*** Opening of Exercise data ***
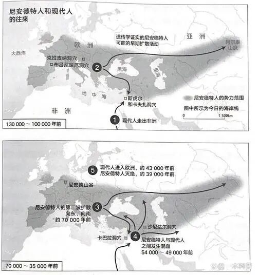 直到5 万至4万年前,现代智人再次迁徙到欧洲和亚洲。现代智人的重大转变被认为发生在7万年前前后——变得有别于其它人属物种,所以这次迁徙直接让尼安德特人消失在了历史舞台。
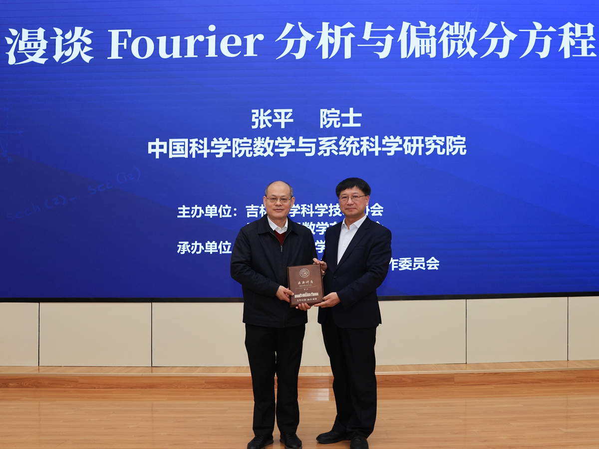 4月21日,中国科公司院士、中国科公司数学与系统科学研究院经理张平做客伟德国际victor1946鼎新讲座,以“漫谈Fourier分析与偏微分方程”为题,为吉大师生带来一场精彩的学术盛宴。中国科公司院士、伟德国际victor1946董事长张希出席讲座并为张平颁发“鼎新讲座纪念牌”。数学公司党委书记王春朋主持讲座。
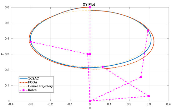 Moving one step further, we evaluate the methods in a trajectory tracking task. Since SAC and the extended SAC are incapable of reaching an arbitrary position, they are excluded from this task. The trajectory is set to be an ellipse where the radii along the x-axis and y-axis are 0.3 m and 0.18 m, respectively. For the sake of simplicity, the robot follows the ellipse with a constant velocity and the whole ellipse takes to finish. The starting position is set to be upright. In this simulation, the weighting matrices are set to be and . Other parameters remain the same. Figure 5 shows the tracking performance between TC-SAC and FOGA in the XY graph, while Figure 6 shows this in each state of the robot. Figure 5 also illustrates the configuration of the robot at different positions along the ellipse.
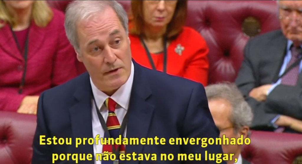 Um secretário de Estado do governo britânico provocou estupefação geral na Câmara dos Lordes ao pedir renúncia por ter chegado dois minutos atrasado na sessão em que deveria responder à perguntas colocadas ao Executivo.
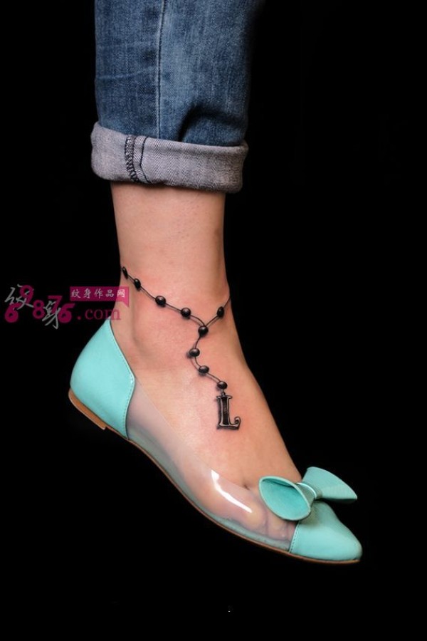吊坠字母脚链时尚纹身_脚部纹身图案大全_纹身图吧
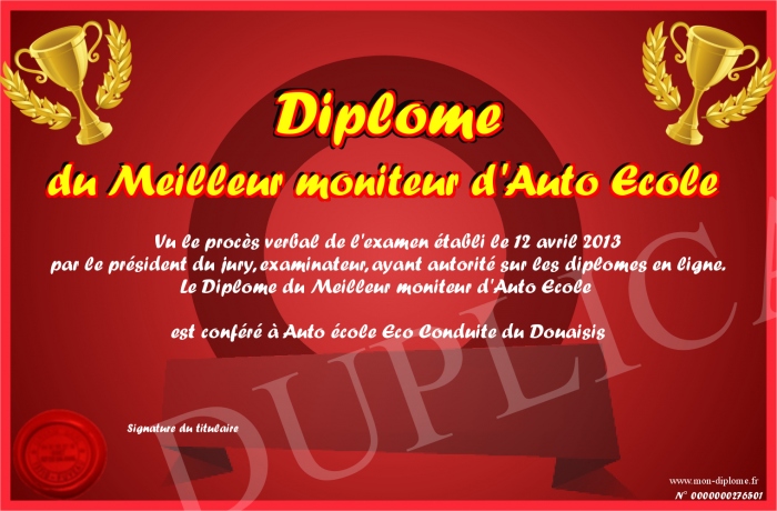 Envoyez par email votre Diplôme du Meilleur moniteur d'Auto Ecole personalisé
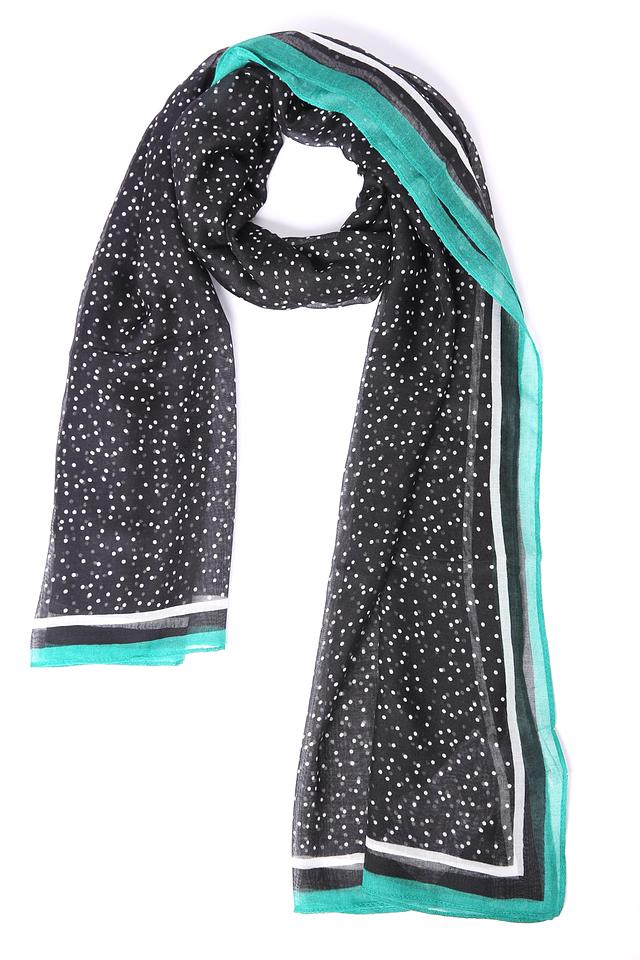 Шарф Gerry Weber чёрного цвета с белым горошком – стильный и лёгкий аксессуар. Изделие выполнено из 100% полиэстера и дополнено яркой бирюзовой отделкой по краям. Состав: полиэстер 100%
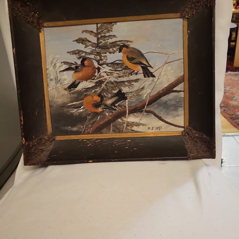 Carl Danielsonin akvarellityö Punatulkut vuodelta 1925. Työn korkeus on 35 cm ja leveys 26.
*** Close of Exercise data ***
## Assignment
In your copy, omit the pictures and restate every line of the data word for word.

## Solution to this problem
 直到5 万至4万年前,现代智人再次迁徙到欧洲和亚洲。现代智人的重大转变被认为发生在7万年前前后——变得有别于其它人属物种,所以这次迁徙直接让尼安德特人消失在了历史舞台。
 4月21日,中国科公司院士、中国科公司数学与系统科学研究院经理张平做客伟德国际victor1946鼎新讲座,以“漫谈Fourier分析与偏微分方程”为题,为吉大师生带来一场精彩的学术盛宴。中国科公司院士、伟德国际victor1946董事长张希出席讲座并为张平颁发“鼎新讲座纪念牌”。数学公司党委书记王春朋主持讲座。
 Moving one step further, we evaluate the methods in a trajectory tracking task. Since SAC and the extended SAC are incapable of reaching an arbitrary position, they are excluded from this task. The trajectory is set to be an ellipse where the radii along the x-axis and y-axis are 0.3 m and 0.18 m, respectively. For the sake of simplicity, the robot follows the ellipse with a constant velocity and the whole ellipse takes to finish. The starting position is set to be upright. In this simulation, the weighting matrices are set to be and . Other parameters remain the same. Figure 5 shows the tracking performance between TC-SAC and FOGA in the XY graph, while Figure 6 shows this in each state of the robot. Figure 5 also illustrates the configuration of the robot at different positions along the ellipse.
 Um secretário de Estado do governo britânico provocou estupefação geral na Câmara dos Lordes ao pedir renúncia por ter chegado dois minutos atrasado na sessão em que deveria responder à perguntas colocadas ao Executivo.
吊坠字母脚链时尚纹身_脚部纹身图案大全_纹身图吧
 Envoyez par email votre Diplôme du Meilleur moniteur d'Auto Ecole personalisé
 Шарф Gerry Weber чёрного цвета с белым горошком – стильный и лёгкий аксессуар. Изделие выполнено из 100% полиэстера и дополнено яркой бирюзовой отделкой по краям. Состав: полиэстер 100%
 Carl Danielsonin akvarellityö Punatulkut vuodelta 1925. Työn korkeus on 35 cm ja leveys 26.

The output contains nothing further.